In the first ten matches of IPL 2014, there's little doubt that the one player who has created the biggest buzz has been
Glenn Maxwell. In three innings he has amassed 279 runs off 131 balls, twice scoring 95 off 43 balls in the space of five days - as if it was the most normal thing to do - and once hitting 89 off 45 in between. His frenetic hitting has brought him
almost twice as many runs as any other batsman in the first week - the next-highest after ten games is Dwayne Smith with 145. It's also ensured that Kings XI Punjab - the franchise he is playing for this season - have struck 30 sixes in three matches, with 17 of them coming off Maxwell's bat; the only other team with more sixes than Maxwell is Chennai Super Kings, with 18.
He has had some luck but he has ridden it well, leaving the bowlers wondering how to take his wicket, and leaving Mumbai Indians wondering why they let him go after having him for a season in 2013 - Maxwell only played three IPL games for them last year. In the current season, Mumbai are languishing on all fronts, including the sixes count - they are at the bottom with a grand total of two from two games.
Maxwell's three scores this season are, incidentally, his three highest scores in T20 matches: coming into this year's IPL, Maxwell had played 62 innings in T20 cricket, and his
highest had been 82, for Melbourne Stars against Sydney Sixers in a Big Bash game in 2012. In his five previous innings in the IPL - two for Delhi Daredevils in 2012 and three last year for Mumbai - he had scored 42 runs at an average of 14 and a strike rate of 110.52. Those are unrecognisable from the kind of stats he has notched up so far this year.
In fact, since the start of the 2013-14 season, Maxwell has taken his T20 game up a notch. In his last 20 innings, he has scored five fifties, averaged 38.72, and scored at a strike rate of 200.86. Before this IPL blitz, he had two other high-impact innings during this period: in the Big Bash against Melbourne Renegades, he scored a
28-ball 58 with six sixes, while in the World T20 against Pakistan a month ago, he
blasted 74 off 33, though Australia still contrived to lose that one. In his first 45 T20 innings, by contrast, he scored 777 runs - just 80 more than he has scored in his last 20 - at an average of 20 and a strike rate of 140.

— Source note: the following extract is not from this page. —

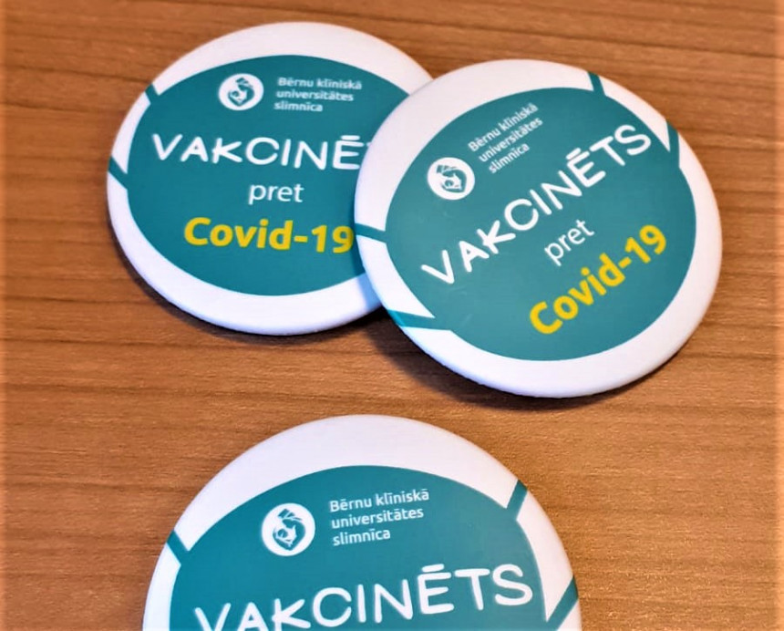 Nozīmītes ar uzrakstu “Vakcinēts”, “Es vakcinējos pret Covid-19” jau šobrīd ir pieejamas. Tādas izsniedz, piemēram, Bērnu klīniskās universitātes slimnīca. Vakcinācijas projektu nodaļa gan norāda, ka tādas nozīmītes dala atsevišķi pakalpojumu sniedzēji, bet šobrīd tādas netiek pasūtītas centralizēti.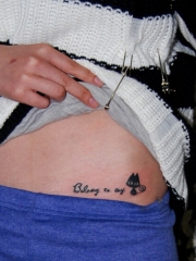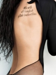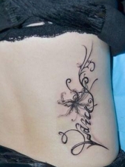 美女腰部精美的彼岸花与字母藤蔓纹身图片

In his T20 career so far, Maxwell has already played in the leagues in Australia, England and India, apart from playing 21 matches for Australia. He's clearly a star in this format, but his first-class record - four centuries and 11 fifties in 46 innings - suggests he'll be looking to add to his current tally of two Test matches.
One of the key tenets of T20 batting is to keep dot balls at a minimum, and that's something Maxwell has always managed superbly, and even more so over the last seven months. Overall in his T20 career, Maxwell's dot-ball percentage is about 35, and in the last seven months it's dropped even further, to 30. That means he is able to score off most deliveries he faces, which eases the pressure on the non-striker as well.
Along with a low dot-ball percentage, Maxwell's also scored a high percentage of his runs in boundaries - about 69% in his T20 career, and almost 77% in the last seven months. A combination of low dot-ball percentage and high boundary percentage is ideal in Twenty20 cricket, and that's something Maxwell has excelled in throughout his career, and even more so recently.
In the last seven months, no batsman has scored as many T20 runs as Maxwell, and none of the others in the top eight have a strike rate anywhere close to his: while Maxwell touches 200, the next-best among the top eight run-scorers is his Kings XI mate David Miller, who strikes at 150.
Most of the batsmen in the table below are specialists in the limited-overs format, but at No. 4 sits Hashim Amla, who hasn't done badly in the five-day format either. Maxwell's currently not one of the front runners for a place in the Australian Test team, but his recent first-class form has been outstanding as well: his four innings in 2014 read as follows - 94, 127, 119 and 4. His 127 came in the second innings for Victoria
against New South Wales, in a team total of 186 after Victoria had been reduced to 9 for 6. Given his first-class record - especially his recent exploits - he could well get an opportunity to build on the two Tests he played in India last year. Till then, he can continue to make waves in the 20-over format.